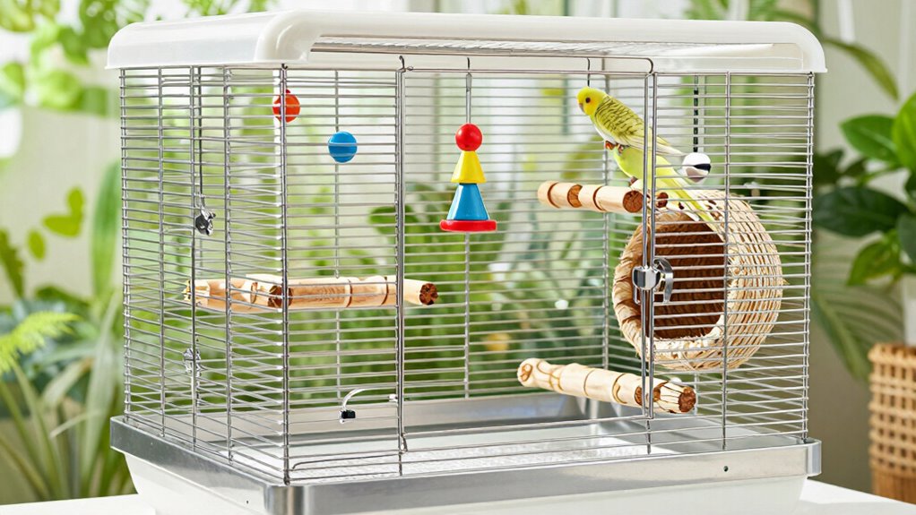 Did you know that stainless steel cages are 100% non-toxic and resistant to rust? I recommend using stainless steel or powder-coated cages because they’re easy to clean, durable, and safe for your birds. Avoid those with paint or coatings that can chip or contain harmful chemicals. Regularly wiping down with bird-safe disinfectants keeps everything hygienic and minimizes health risks, making maintenance straightforward and your birds happy.
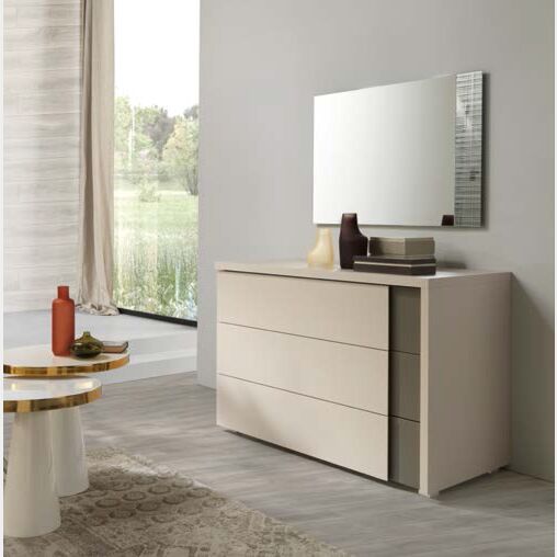Comò e comodini presentano rispettivamente 3 e 2 cassetti, dotati di chiusura ammortizzata di serie offrono la giusta capienza per avere un ambiente ben ordinato e pratico. Le finiture di armadio, comò e comodini sono Cachemire per scocca e frontali, mentre le maniglie sono proposte in Grigio londra. La possibilità di personalizzare scocca e frontali assicura una camera matrimoniale in perfetta armonia con i propri gusti ed il proprio modo di vivere la zona notte. Scopri le finiture materiche, nbilitate e decor disponibili!
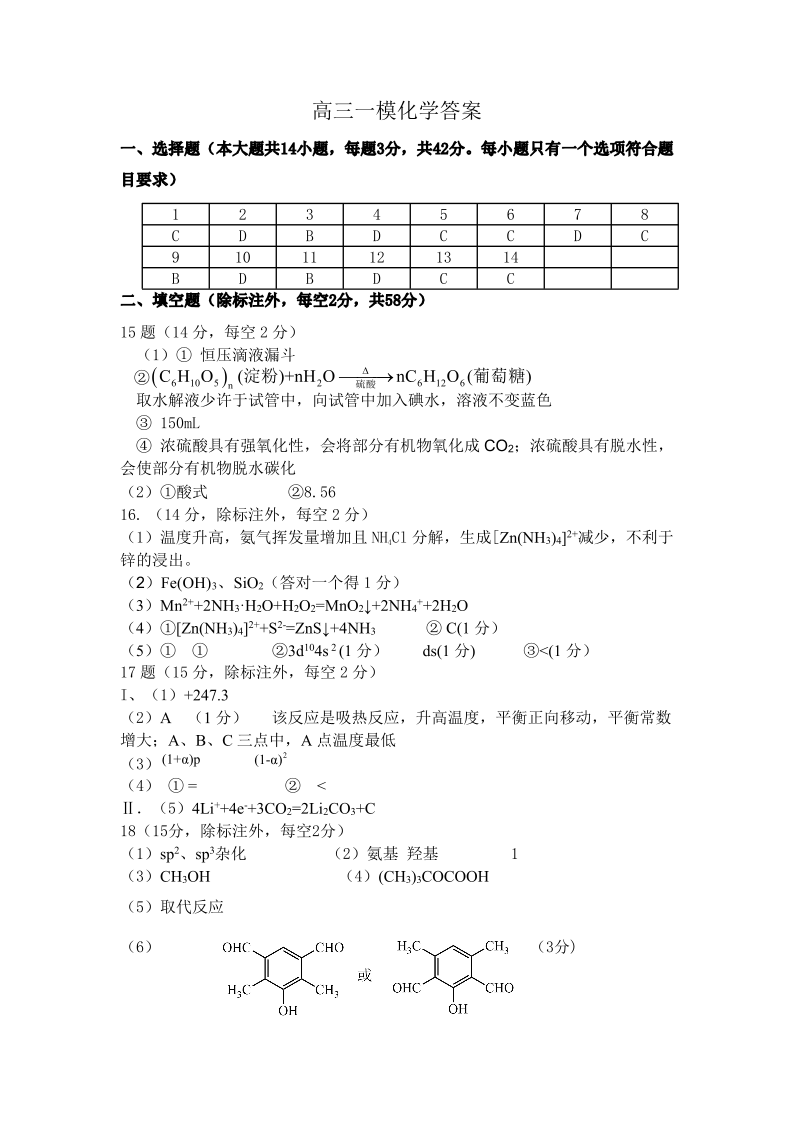 江西省上饶市2024届高三下学期第一次高考模拟考试 化学答案

- **Task directions**: None of the pictures belong in the copy; repeat all other material exactly.

- **Final answer**:
 Did you know that stainless steel cages are 100% non-toxic and resistant to rust? I recommend using stainless steel or powder-coated cages because they’re easy to clean, durable, and safe for your birds. Avoid those with paint or coatings that can chip or contain harmful chemicals. Regularly wiping down with bird-safe disinfectants keeps everything hygienic and minimizes health risks, making maintenance straightforward and your birds happy.
Comò e comodini presentano rispettivamente 3 e 2 cassetti, dotati di chiusura ammortizzata di serie offrono la giusta capienza per avere un ambiente ben ordinato e pratico. Le finiture di armadio, comò e comodini sono Cachemire per scocca e frontali, mentre le maniglie sono proposte in Grigio londra. La possibilità di personalizzare scocca e frontali assicura una camera matrimoniale in perfetta armonia con i propri gusti ed il proprio modo di vivere la zona notte. Scopri le finiture materiche, nbilitate e decor disponibili!
 江西省上饶市2024届高三下学期第一次高考模拟考试 化学答案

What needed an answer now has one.